ANTONIO BASÍLIO FILHO
0AB/SP 73.304
Em uma conversa informal entre nosso colunista, o advogado criminalista, Dr. Antonio Basílio Filho e o jornalista, Braz Jaime Romano, sobre Direitos Humanos, assunto tão polêmico, atualmente, chegou-se à seguinte conclusão: A vida por um fio e por um segundo a todo instante. É o cotidiano implacável que vivemos. Somos prisioneiros de nossos sonhos, de nossos atos, de nossos pensamentos e vítimas de um Estado que não nos dá o mínimo de segurança e tranqüilidade.
O fato ora vivido, com a rebelião na Casa de Detenção de São Paulo, era esperado e previsível, já que a mesma é considerada um barril de pólvora, há tempos. Talvez a grande parcela de culpa seja do próprio governo que amontoa as pessoas como animais enjaulados, por absoluta falta de espaço. Por que não enviá-los, como já foi dito nesta coluna, a seus estados de origem para cumprirem suas penas em paz; ou ainda em colônias agrícolas para produzirem como todo cidadão.
É de bom alvitre dizer que se são vítimas aquelas que morreram na chacina, não são menos vítimas as suas vítimas, aquelas que morreram, foram estupradas ou tiveram seus bens roubados, subjugadas sob a mira de uma arma.
A violência pela violência nunca foi a melhor terapia, mas contra a violência, pouco ou nada pode-se fazer, especialmente quando não se está preparado.
A sociedade está despreparada, a polícia também, somos todos vítimas de uma má administração, corroída ao longo de muitos anos, onde o problema da segurança é relegado ao segundo, terceiro ou quarto plano. Outras necessidades são atendidas e cada vez mais avoluma-se o número de vítimas. São famílias inteiras que são desgraçadas com a perda de seu chefe, de sua mãe, de um filho, de uma filha, são vítimas anônimas que choram escondidas, porque ninguém aparece para enxugar-lhes as lágrimas.
São comerciantes, industriais e outros profissionais que, do dia para a noite, veêm o seu patrimônio, construído ao longo de muitos anos, desaparecer como pó nas mãos de homens que também são vítimas de uma má distribuição de renda.
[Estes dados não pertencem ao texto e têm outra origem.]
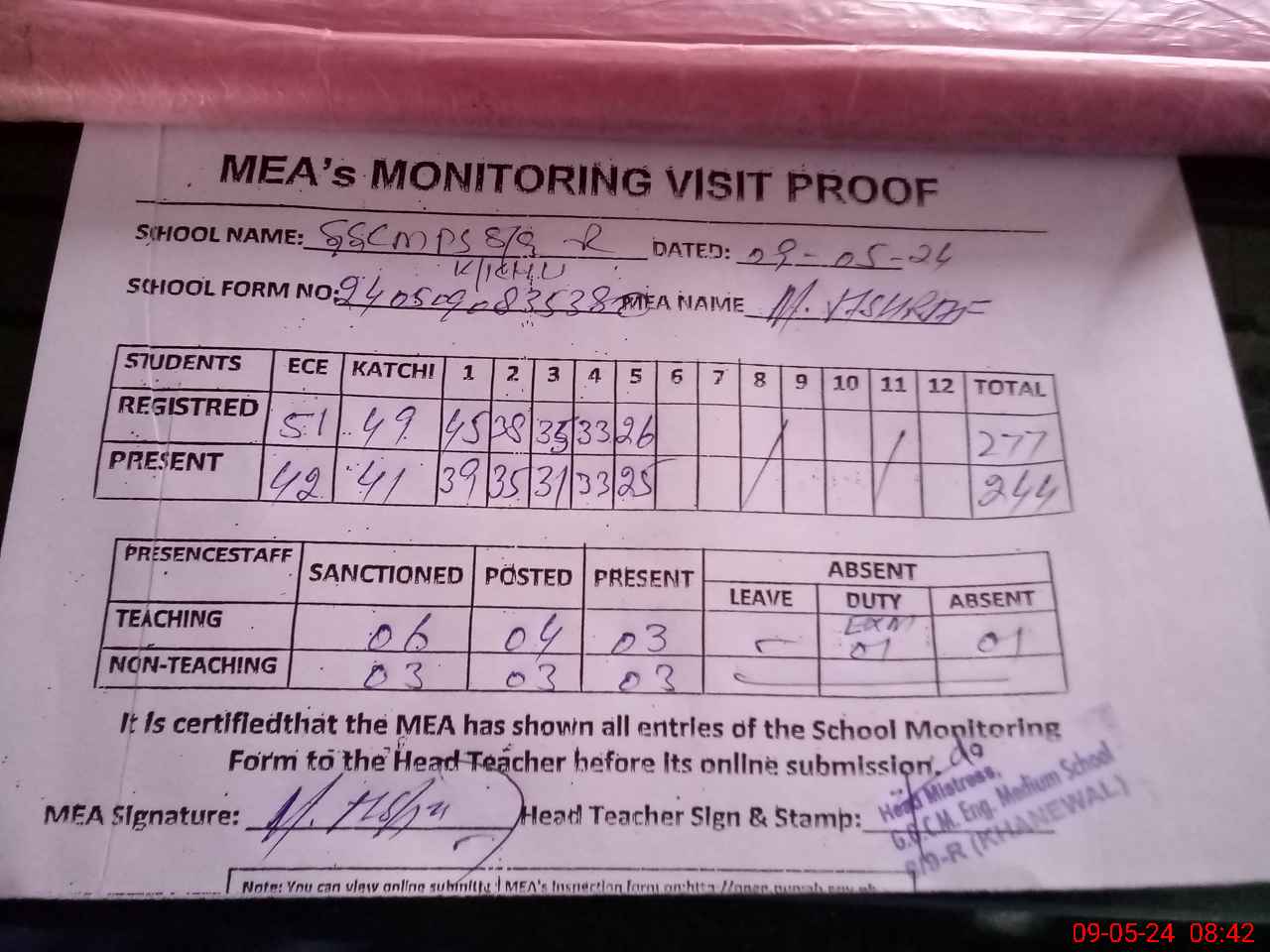 | Attendance Register | Head Teacher | MEA with School | Visit Proof |
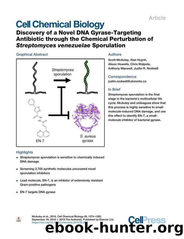 Discovery of a Novel DNA Gyrase-Targeting Antibiotic through the Chemical Perturbation of Streptomyces venezuelae Sporulation by Scott McAuley & Alan Huynh & Alison Howells & Chris Walpole & Anthony Maxwell & Justin R. Nodwell
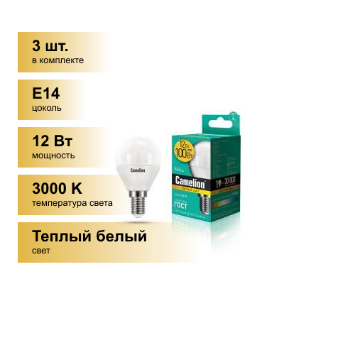 (3 шт.) Светодиодная лампочка Camelion Шар G45 E14 12W(960lm 220гр.) 3000K 2K матов. 90x47 пластик LED12-G45/830/E14
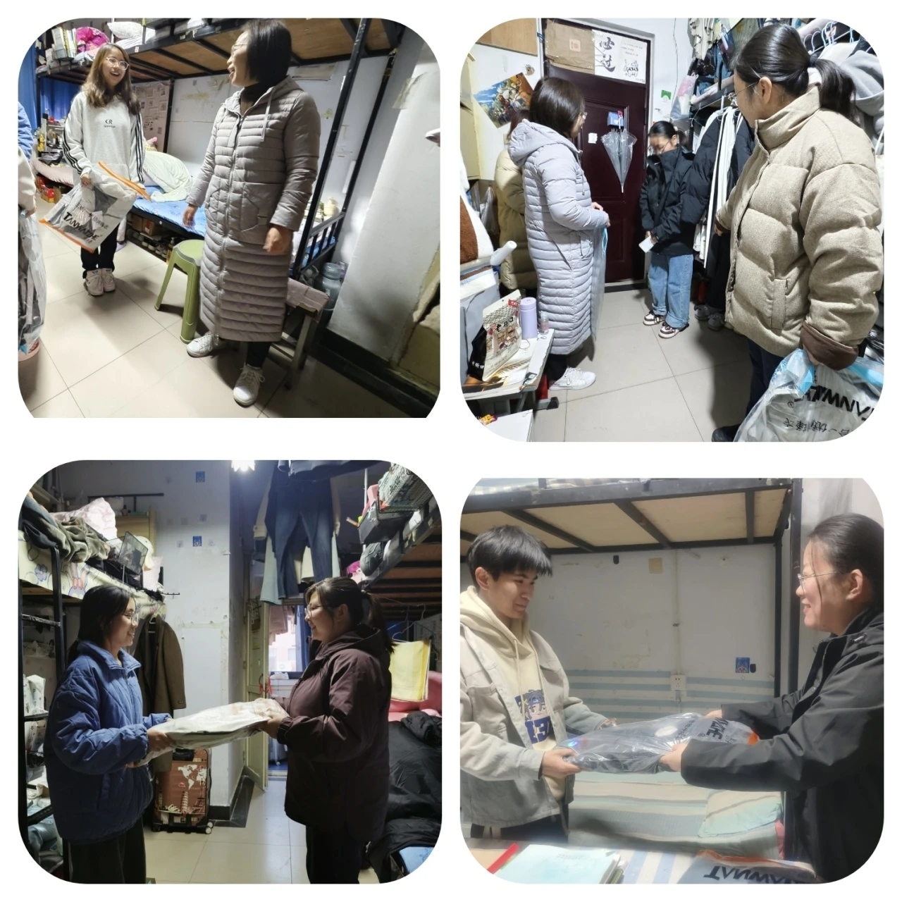 冬意渐浓,冷意渐深。伴随郑州低温雨雪冰冻天气的来临,12月5日,我院举行了“情系学生,暖心送衣”冬季棉衣发放活动。河南工业贸易职业学院党委副书记、校长曹利强、校党委副书记柴瑞帅,粮食工程学院党总支书记赵恒昌、副院长张庆霞、党总支副书记卢宁、团总支书记张震、辅导员王同婷、牛芳芳、郭洁、郝小倩、杨光胜老师深入学生宿舍,共同参与发放活动,为特困生发放了御寒衣物,让受助同学在寒冷的冬天感受到了学院大家庭的温暖。
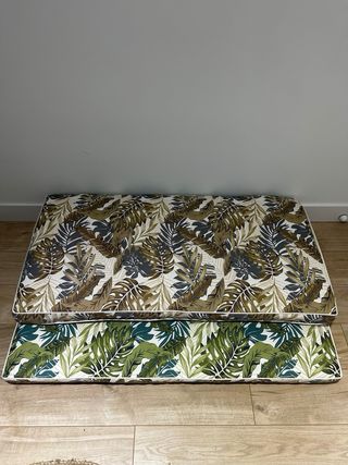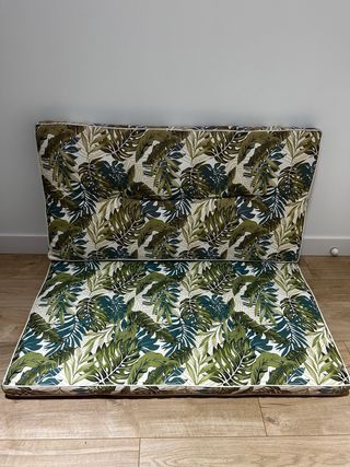 Conjunto de cojines para palets con un llamativo estampado de hojas tropicales. Están en perfecto estado y con poco uso, son muy cómodos y mullidos. El único defecto que tienen es que por un lado han perdido el color por el sol, como se puede ver en las fotos. - Diseño de hojas verdes y multicolor. - Funda de tela resistente.
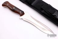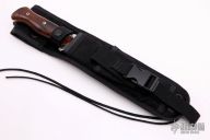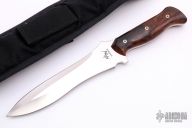 This Sniper from Mercworx features a hand rub satin finished drop point, recurved blade with sharpened top edge and notched thumb ramp, .241" blade stock and 2" blade depth, full tang construction. The handle is comprised of desert ironwood burl scales with mosaic pins and red liners. Excellent condition. Comes with original nylon sheath
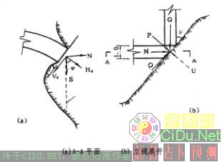 式中 ——拱座面与垂线的夹角; G——拱端面上悬臂梁自重; U——拱端面上的扬压力。//by http://CiDu.Net/
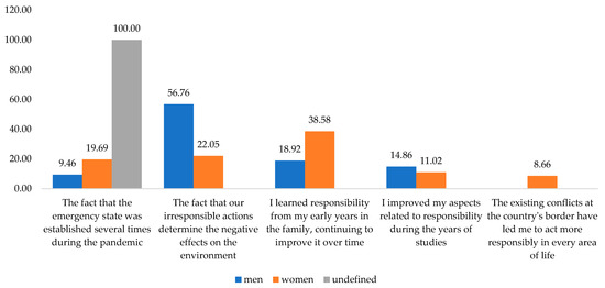 Figure 7. Reasons that led the respondents to become more responsible, given their gender. Source: Data from field quizzes, 2022.
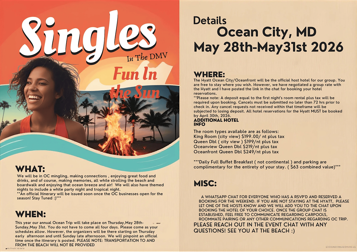 Join Singles in the DMV for our annual Ocean City Getaway May 28tn-
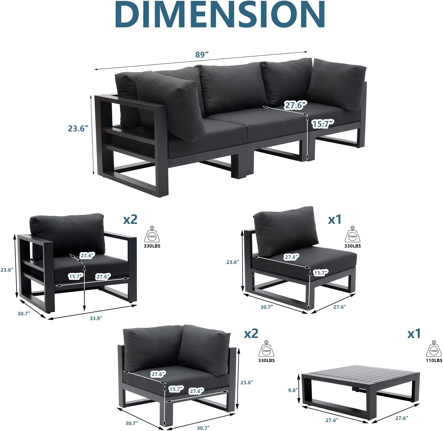 - OVERALL DIMENSION(FULLY ASSEMBLED): Single Armrest Sofa Dimension: 33.9"W x 30.7"D x 23.6"H. Single Armless Sofa Dimension: 27.6"W x 30.7"D x 23.6"H. Single Corner Sofa Dimension: 30.7"W x 30.7"D x 23.6"H. Square Coffee Table Dimension: 27.6"D x 27.6"W x 9.8"H. Each single sofa can support up to 330 pounds and this set is designed to seat five people. Featuring clean lines and timeless silhouettes, this set is an ideal set to perfectly fulfill your needs for outdoor leisure and entertainment.
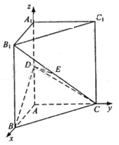 如图,直三棱柱ABC-A1B1C1中,AB⊥AC,D、E分别为AA1、B1C的中点,DE⊥平面BCC1

Hoje surge o grande problema, então todas as entidades do mundo se levantam. “É uma no cravo, outra na ferradura”, assim se manifestam os jornais no mundo com relação ao Brasil, ou seja, numa semana a mais legítima manifestação de civilização e lição para o primeiro mundo, com um banho de democracia; já na outra semana um verdadeiro massacre, com um banho de sangue. Será que seus países também não têm problemas?
Hoje não se ouve falar em outra coisa, senão em Direitos Humanos. A igreja, a OAB, os políticos, o Ministério da Justiça, a ONU, a OEA etc. etc, etc., com a rebelião da Casa de Detenção, exprimem, de forma contundente, os Direitos Humanos, mas é necessário que todos estejam preocupados com isso, sempre.
É necessária essa preocupação, mas desde que sejamos justos e honestos para com Deus e a Humanidade. Quando se defende os direitos de criminosos, não se pode esquecer dos direitos das vítimas. Aqueles que são feitos prisioneiros, no mínimo, atentaram contra a moral, a lei, a ordem e aos bons costumes, fazendo existir uma vítima, uma família enlutada ou alguém com a vida destruída, quem sabe uma jovem que sonhava uma existência repleta de felicidade.
A OAB propugna pela indenização às famílias dos presos mortos, com o que não se pode discutir, uma vez que o Estado deve indenizar pelos atos de seus prepostos. É princípio de Direito Civil, porém gostaríamos que a mesma OAB propugnasse pelos mesmos direitos de indenização daqueles que tiveram seus familiares mortos, feridos, mutilados e desgraçados pela ação daqueles que também foram vítimas de uma sociedade cruel.
E os Direitos Humanos dos policiais, muitas vezes mortos no cumprimento do dever, combatendo a marginalidade cada vez maior e mais armada? Não deveriam suas famílias serem indenizadas?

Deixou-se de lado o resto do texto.